[[ Data records, beginning ]]

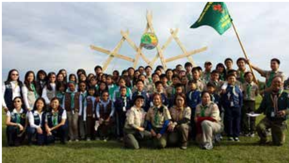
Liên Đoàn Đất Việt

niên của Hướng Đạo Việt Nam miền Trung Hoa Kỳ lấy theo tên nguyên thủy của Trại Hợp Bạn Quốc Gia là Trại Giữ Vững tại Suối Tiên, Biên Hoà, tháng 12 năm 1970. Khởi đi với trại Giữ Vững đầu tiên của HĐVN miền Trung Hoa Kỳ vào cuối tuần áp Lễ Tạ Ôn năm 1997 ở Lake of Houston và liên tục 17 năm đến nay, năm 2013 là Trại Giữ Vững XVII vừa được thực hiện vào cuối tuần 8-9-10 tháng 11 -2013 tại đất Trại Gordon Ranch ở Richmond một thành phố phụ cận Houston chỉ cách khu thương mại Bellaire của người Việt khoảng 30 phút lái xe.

[[ Data records, end ]]
[[ Data records, beginning ]]

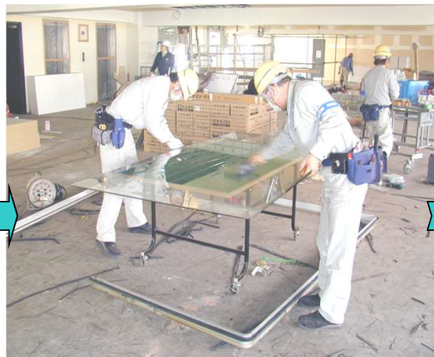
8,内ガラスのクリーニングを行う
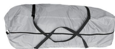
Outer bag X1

[[ Data records, end ]]

## [Your assignment]
Above are the records. Identify each line that contains the word "Việt".

## [Solution for this exercise]
Liên Đoàn Đất Việt
niên của Hướng Đạo Việt Nam miền Trung Hoa Kỳ lấy theo tên nguyên thủy của Trại Hợp Bạn Quốc Gia là Trại Giữ Vững tại Suối Tiên, Biên Hoà, tháng 12 năm 1970. Khởi đi với trại Giữ Vững đầu tiên của HĐVN miền Trung Hoa Kỳ vào cuối tuần áp Lễ Tạ Ôn năm 1997 ở Lake of Houston và liên tục 17 năm đến nay, năm 2013 là Trại Giữ Vững XVII vừa được thực hiện vào cuối tuần 8-9-10 tháng 11 -2013 tại đất Trại Gordon Ranch ở Richmond một thành phố phụ cận Houston chỉ cách khu thương mại Bellaire của người Việt khoảng 30 phút lái xe.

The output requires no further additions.